§ **Exercise**:
Output only the lines below from the one holding "MK FX01-MG RE" down to the one holding "En eller två", both end lines included and every picture dropped.

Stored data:
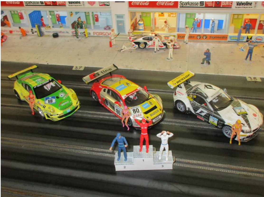
Dirk G. Platz 2
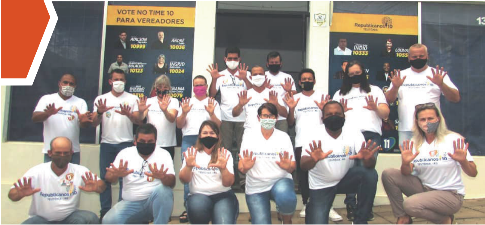
Republicanos teve sua maior nominata em Teutônia
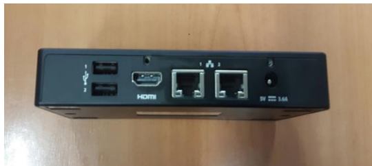
Cm 13 X 8 X 1.5

Il sistema Browser e WEB based permette di gestire i contenuti in modo pressoché automatico, attraverso un dispositivo Smart Box in comodato d'uso
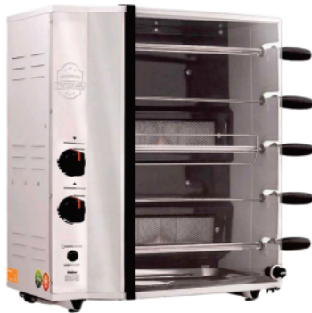
Ref 582693 ASSADOR MANUAL HIDRO
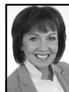
2° anno Islanda
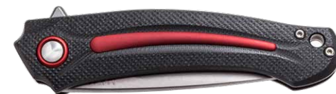
MK FX01-MG RE
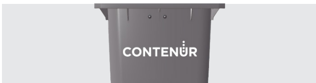
PERSONALISIERUNG DURCH THERMOTRANSFER-GRAFIK
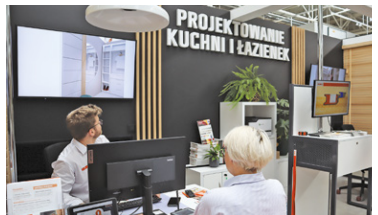
Punkt projektowania kuchni, łazienek i garderoby
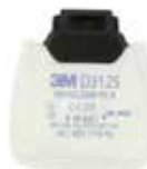
D3125 P2 R
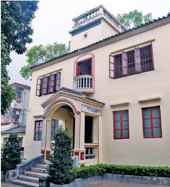
东江纵队指挥部旧址

“撅把子”虽然质量一般，却适应敌后抗日斗争。由于体积小，经常身着便装的敌后武工队，可轻松将“撅把子”藏在身上。由于外形有别于制式枪械，曾有抗日民兵将被搜出来的“撅把子”称为木匠工具，骗过日军新兵顺利脱身。很多地方抗日武装，正是使用“撅把子”打击敌人，缴获武器，进而发展壮大。（杨壹铭）
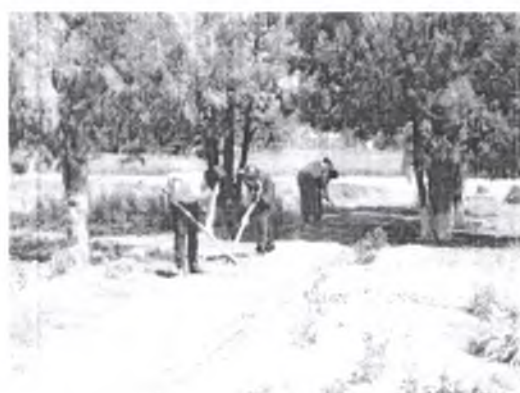
Благоустройство территории школьного двора
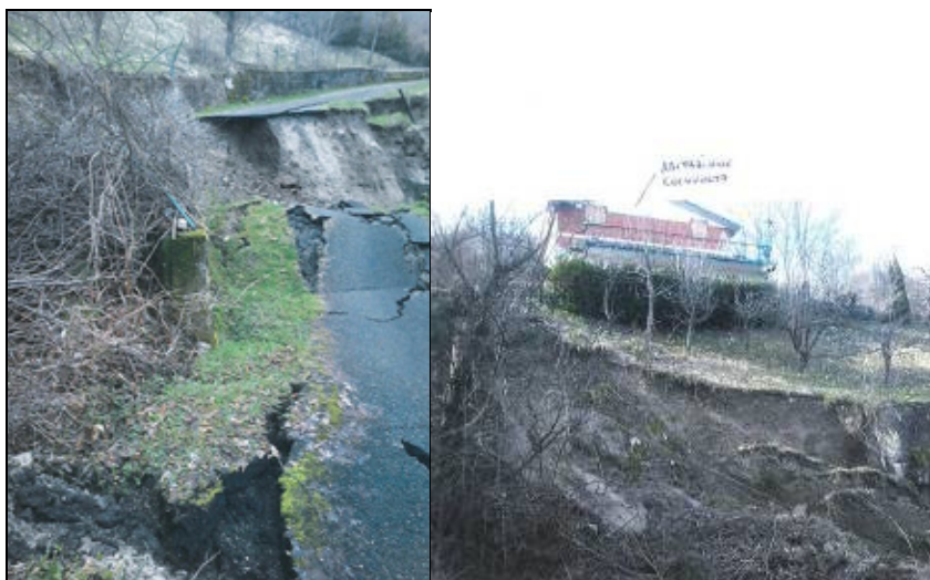
Comune di Coli – S.C. Rampa-Ruei

Regione Emilia-Romagna Piano dei primi interventi urgenti di protezione civile del territorio regionale Ordinanza del Capo Dipartimento di Protezione Civile n. 351 del 3 giugno 2016
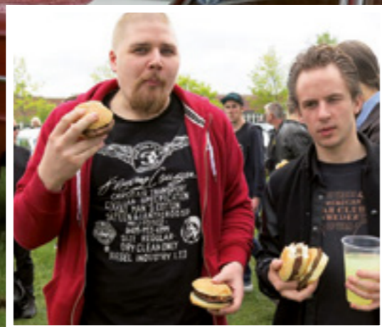
En eller två rejäla Texas Powerburgare med alla tillbehör är vad Socialstyrelsen rekommenderar till frukost i Nossebro...
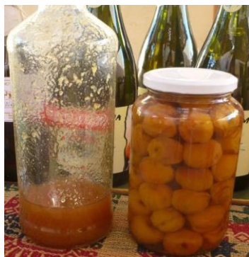
Figura 2. Licor de durazno e duraznos en almíbar.

Pelones de duraznos (Figura 3): Se emplean los “duraznos” que se han caído en los terrenos de cultivo, “duraznos de pelar”. Se les quita el epicarpo, se parten por la mitad (quedando en forma de orejones) para que se sequen mejor o se los deja enteros. Durante varios días son expuestos al sol para deshidratarlos y concentrar azúcares. Con estos pelones se prepara anchi, “mocochinche” y compota (Figura 4).
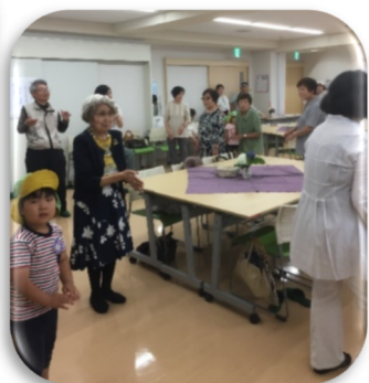
サロン開所当時から大人気のハワイアンバンド演奏
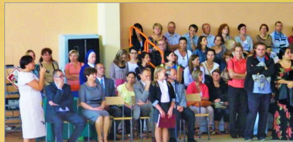
Rozpoczęcie roku szkolnego 2012/2013 w SP3

§ **Answer to this problem**:
MK FX01-MG RE
PERSONALISIERUNG DURCH THERMOTRANSFER-GRAFIK
Punkt projektowania kuchni, łazienek i garderoby
D3125 P2 R
东江纵队指挥部旧址

“撅把子”虽然质量一般，却适应敌后抗日斗争。由于体积小，经常身着便装的敌后武工队，可轻松将“撅把子”藏在身上。由于外形有别于制式枪械，曾有抗日民兵将被搜出来的“撅把子”称为木匠工具，骗过日军新兵顺利脱身。很多地方抗日武装，正是使用“撅把子”打击敌人，缴获武器，进而发展壮大。（杨壹铭）
Благоустройство территории школьного двора
Comune di Coli – S.C. Rampa-Ruei

Regione Emilia-Romagna Piano dei primi interventi urgenti di protezione civile del territorio regionale Ordinanza del Capo Dipartimento di Protezione Civile n. 351 del 3 giugno 2016
En eller två rejäla Texas Powerburgare med alla tillbehör är vad Socialstyrelsen rekommenderar till frukost i Nossebro...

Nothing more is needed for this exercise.